Directions for this task: Beneath this task are records; print exactly the stretch of them from the line with "3、根據(jù)任務提示點擊" through the line with "- Now select", both ends included.
**** Listed records
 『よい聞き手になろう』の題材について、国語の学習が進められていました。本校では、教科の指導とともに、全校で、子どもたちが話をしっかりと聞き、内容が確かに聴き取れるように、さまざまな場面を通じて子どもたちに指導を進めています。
********
**** Listed records
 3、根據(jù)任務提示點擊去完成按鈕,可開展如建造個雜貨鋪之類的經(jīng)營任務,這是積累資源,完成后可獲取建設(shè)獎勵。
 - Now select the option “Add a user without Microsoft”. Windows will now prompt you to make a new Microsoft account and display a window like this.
********
**** Listed records
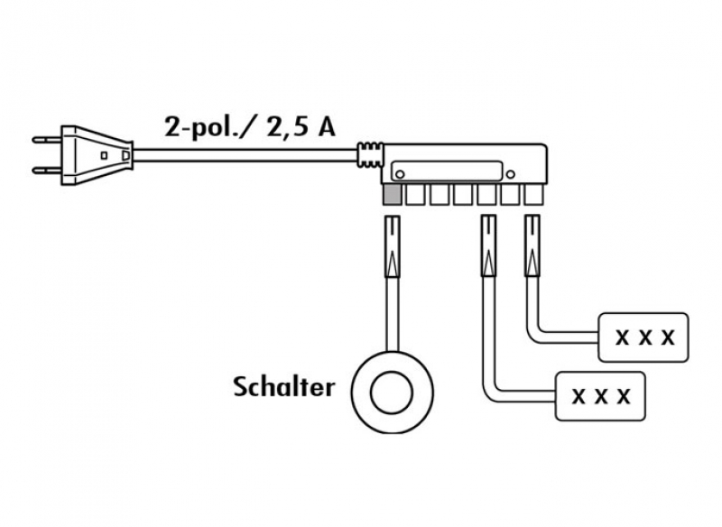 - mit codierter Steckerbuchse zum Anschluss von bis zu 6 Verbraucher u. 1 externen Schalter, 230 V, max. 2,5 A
********
Solved exercise:
 3、根據(jù)任務提示點擊去完成按鈕,可開展如建造個雜貨鋪之類的經(jīng)營任務,這是積累資源,完成后可獲取建設(shè)獎勵。
 - Now select the option “Add a user without Microsoft”. Windows will now prompt you to make a new Microsoft account and display a window like this.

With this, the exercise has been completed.